Extracted records:
━━━━

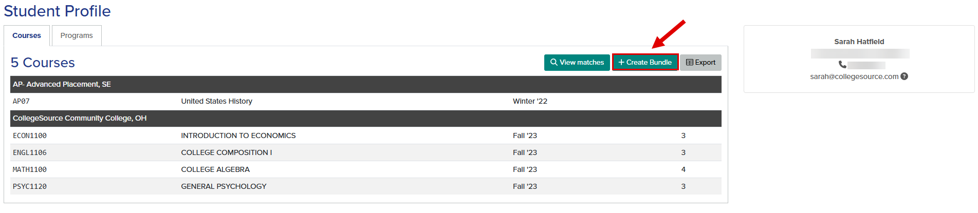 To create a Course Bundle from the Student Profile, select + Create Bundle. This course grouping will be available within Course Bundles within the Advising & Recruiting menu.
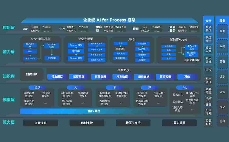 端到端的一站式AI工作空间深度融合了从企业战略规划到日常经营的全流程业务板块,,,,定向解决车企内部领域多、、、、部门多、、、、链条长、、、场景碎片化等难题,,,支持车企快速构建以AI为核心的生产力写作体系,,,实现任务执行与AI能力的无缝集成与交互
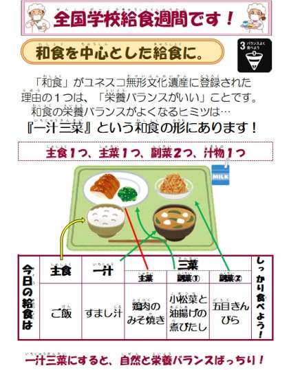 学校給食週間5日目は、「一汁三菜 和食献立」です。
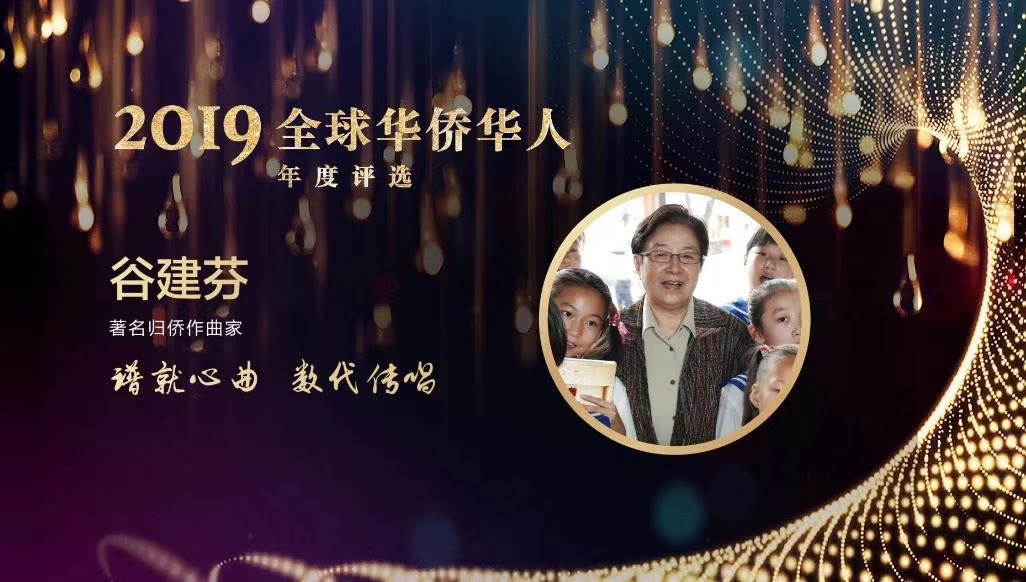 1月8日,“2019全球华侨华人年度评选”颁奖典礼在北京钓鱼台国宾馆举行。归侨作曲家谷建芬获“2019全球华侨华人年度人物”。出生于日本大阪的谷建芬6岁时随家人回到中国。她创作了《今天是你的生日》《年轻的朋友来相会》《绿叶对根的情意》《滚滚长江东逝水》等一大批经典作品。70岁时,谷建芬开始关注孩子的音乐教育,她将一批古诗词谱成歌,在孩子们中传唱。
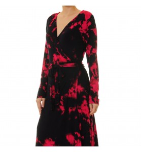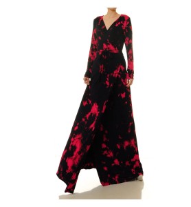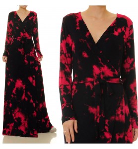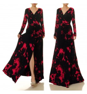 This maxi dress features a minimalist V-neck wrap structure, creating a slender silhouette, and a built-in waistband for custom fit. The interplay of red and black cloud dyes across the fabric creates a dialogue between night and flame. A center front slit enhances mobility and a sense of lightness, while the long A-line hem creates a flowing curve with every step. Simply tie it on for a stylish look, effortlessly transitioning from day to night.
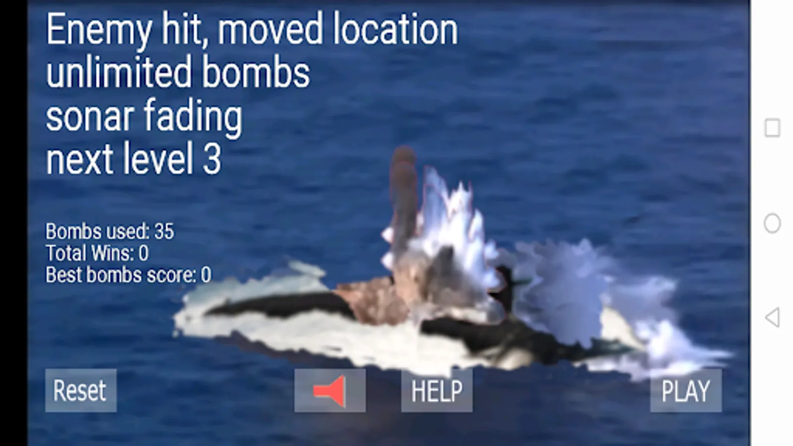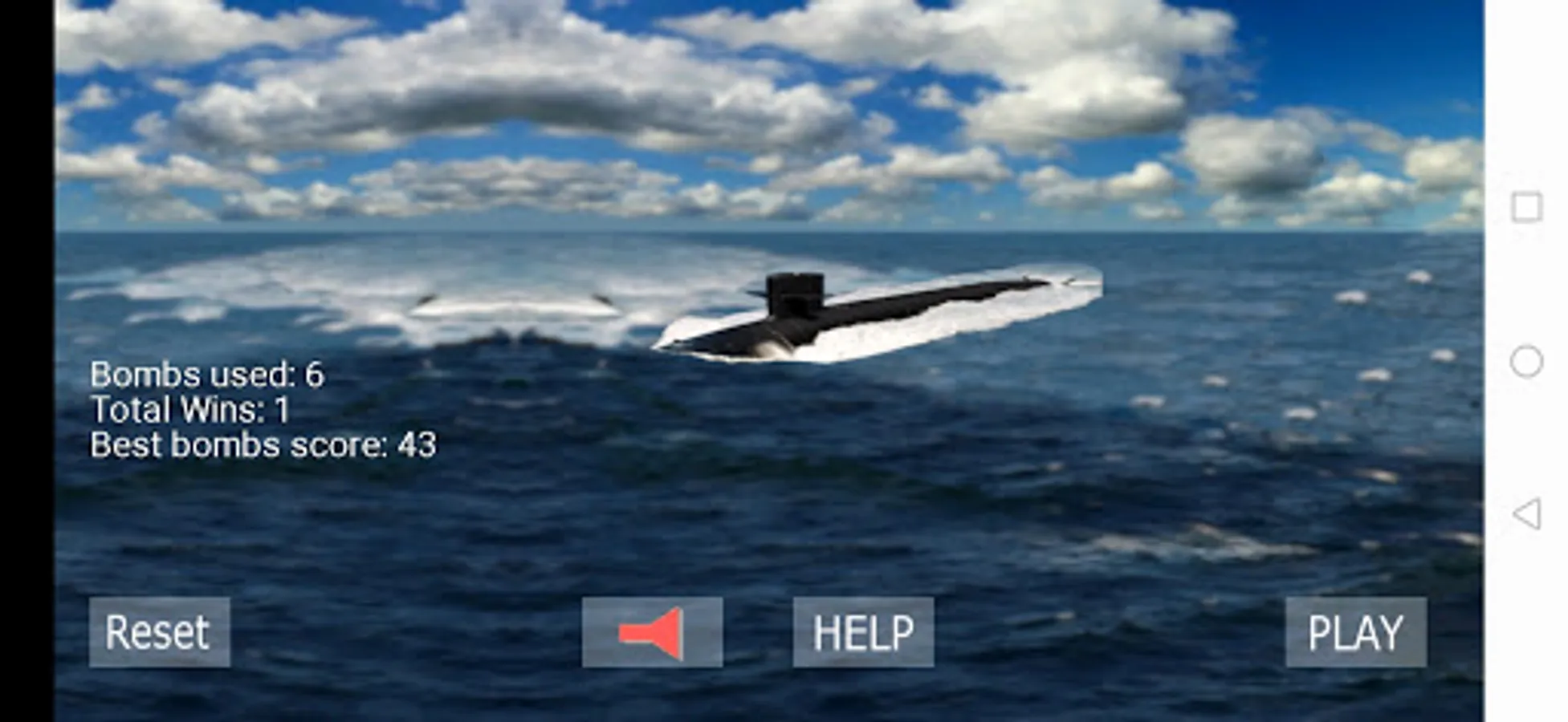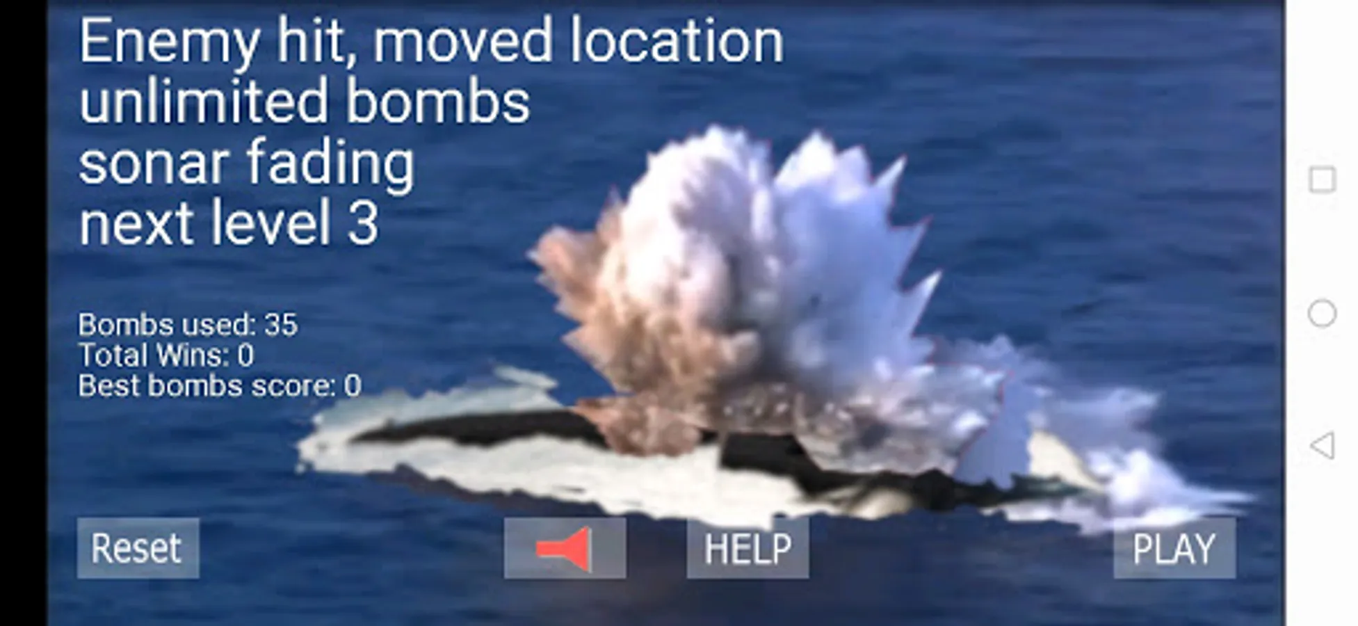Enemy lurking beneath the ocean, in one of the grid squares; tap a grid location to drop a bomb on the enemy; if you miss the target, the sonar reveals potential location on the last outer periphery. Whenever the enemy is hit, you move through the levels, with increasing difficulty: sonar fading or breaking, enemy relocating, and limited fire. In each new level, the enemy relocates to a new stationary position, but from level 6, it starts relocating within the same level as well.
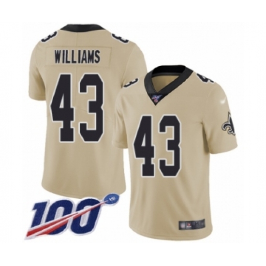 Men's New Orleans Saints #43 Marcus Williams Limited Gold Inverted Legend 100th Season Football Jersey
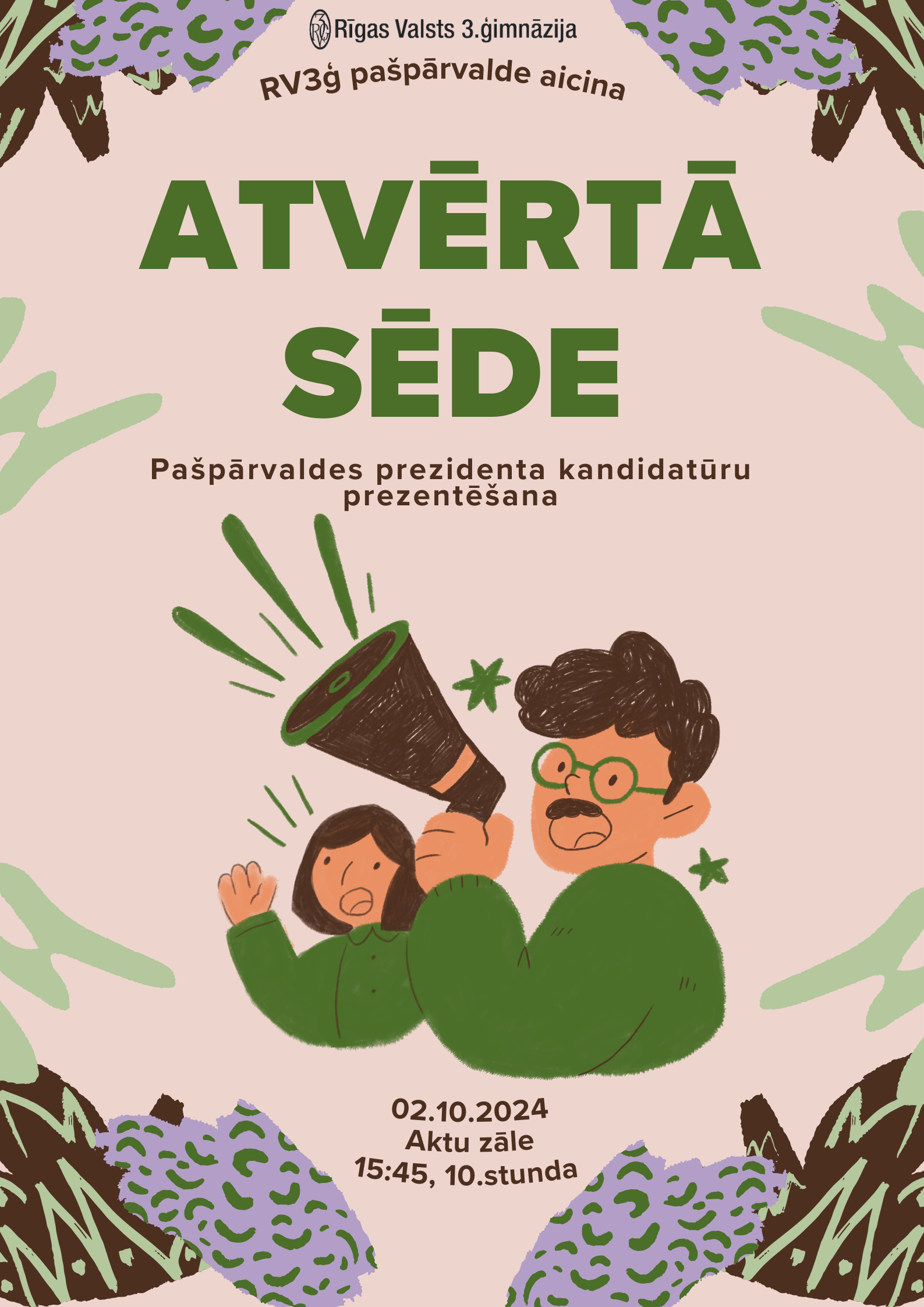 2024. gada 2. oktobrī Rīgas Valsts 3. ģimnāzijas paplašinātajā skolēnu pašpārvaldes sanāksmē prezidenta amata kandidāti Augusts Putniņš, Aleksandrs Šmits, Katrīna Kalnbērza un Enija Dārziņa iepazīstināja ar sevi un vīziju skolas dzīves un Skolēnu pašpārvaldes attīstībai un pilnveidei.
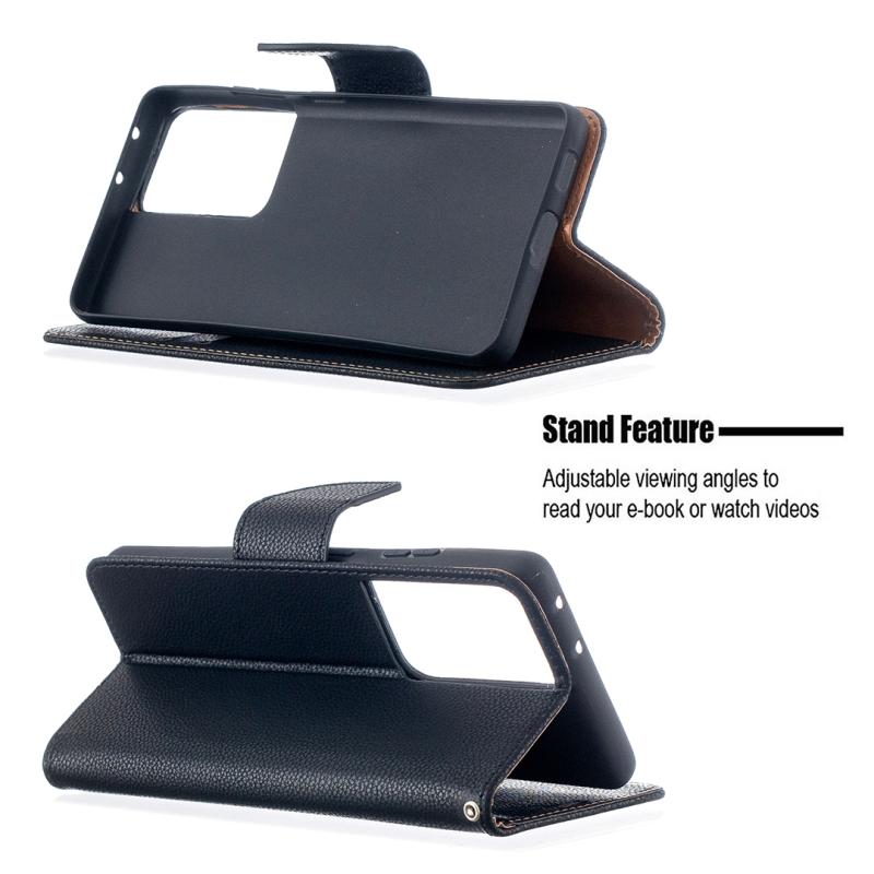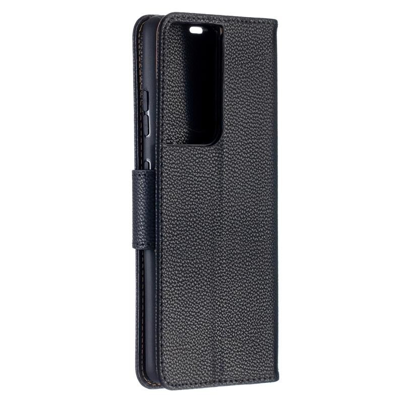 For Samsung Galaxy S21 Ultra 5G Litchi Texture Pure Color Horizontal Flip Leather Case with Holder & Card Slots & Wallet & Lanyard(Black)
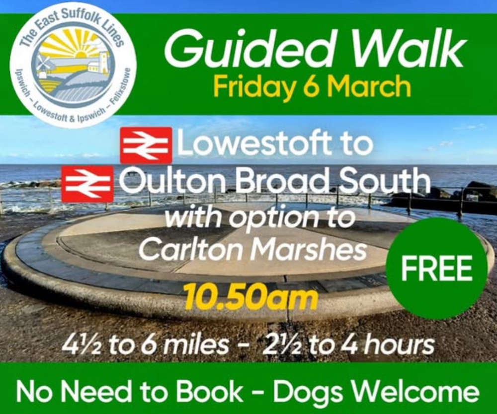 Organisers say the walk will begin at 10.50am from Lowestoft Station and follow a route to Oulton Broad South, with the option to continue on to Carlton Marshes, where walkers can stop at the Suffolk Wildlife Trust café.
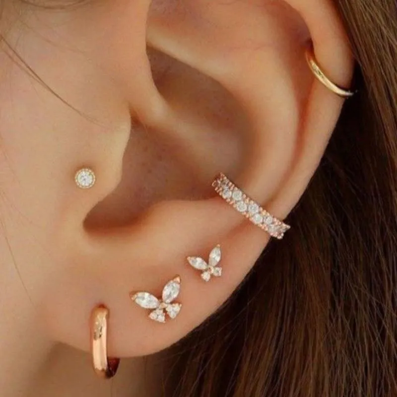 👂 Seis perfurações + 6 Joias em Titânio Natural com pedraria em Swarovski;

━━━━

Could you print all of the entries exactly, skipping the images?

__Response__:
 To create a Course Bundle from the Student Profile, select + Create Bundle. This course grouping will be available within Course Bundles within the Advising & Recruiting menu.
 端到端的一站式AI工作空间深度融合了从企业战略规划到日常经营的全流程业务板块,,,,定向解决车企内部领域多、、、、部门多、、、、链条长、、、场景碎片化等难题,,,支持车企快速构建以AI为核心的生产力写作体系,,,实现任务执行与AI能力的无缝集成与交互
 学校給食週間5日目は、「一汁三菜 和食献立」です。
 1月8日,“2019全球华侨华人年度评选”颁奖典礼在北京钓鱼台国宾馆举行。归侨作曲家谷建芬获“2019全球华侨华人年度人物”。出生于日本大阪的谷建芬6岁时随家人回到中国。她创作了《今天是你的生日》《年轻的朋友来相会》《绿叶对根的情意》《滚滚长江东逝水》等一大批经典作品。70岁时,谷建芬开始关注孩子的音乐教育,她将一批古诗词谱成歌,在孩子们中传唱。
 This maxi dress features a minimalist V-neck wrap structure, creating a slender silhouette, and a built-in waistband for custom fit. The interplay of red and black cloud dyes across the fabric creates a dialogue between night and flame. A center front slit enhances mobility and a sense of lightness, while the long A-line hem creates a flowing curve with every step. Simply tie it on for a stylish look, effortlessly transitioning from day to night.
Enemy lurking beneath the ocean, in one of the grid squares; tap a grid location to drop a bomb on the enemy; if you miss the target, the sonar reveals potential location on the last outer periphery. Whenever the enemy is hit, you move through the levels, with increasing difficulty: sonar fading or breaking, enemy relocating, and limited fire. In each new level, the enemy relocates to a new stationary position, but from level 6, it starts relocating within the same level as well.
 Men's New Orleans Saints #43 Marcus Williams Limited Gold Inverted Legend 100th Season Football Jersey
 2024. gada 2. oktobrī Rīgas Valsts 3. ģimnāzijas paplašinātajā skolēnu pašpārvaldes sanāksmē prezidenta amata kandidāti Augusts Putniņš, Aleksandrs Šmits, Katrīna Kalnbērza un Enija Dārziņa iepazīstināja ar sevi un vīziju skolas dzīves un Skolēnu pašpārvaldes attīstībai un pilnveidei.
 For Samsung Galaxy S21 Ultra 5G Litchi Texture Pure Color Horizontal Flip Leather Case with Holder & Card Slots & Wallet & Lanyard(Black)
 Organisers say the walk will begin at 10.50am from Lowestoft Station and follow a route to Oulton Broad South, with the option to continue on to Carlton Marshes, where walkers can stop at the Suffolk Wildlife Trust café.
 👂 Seis perfurações + 6 Joias em Titânio Natural com pedraria em Swarovski;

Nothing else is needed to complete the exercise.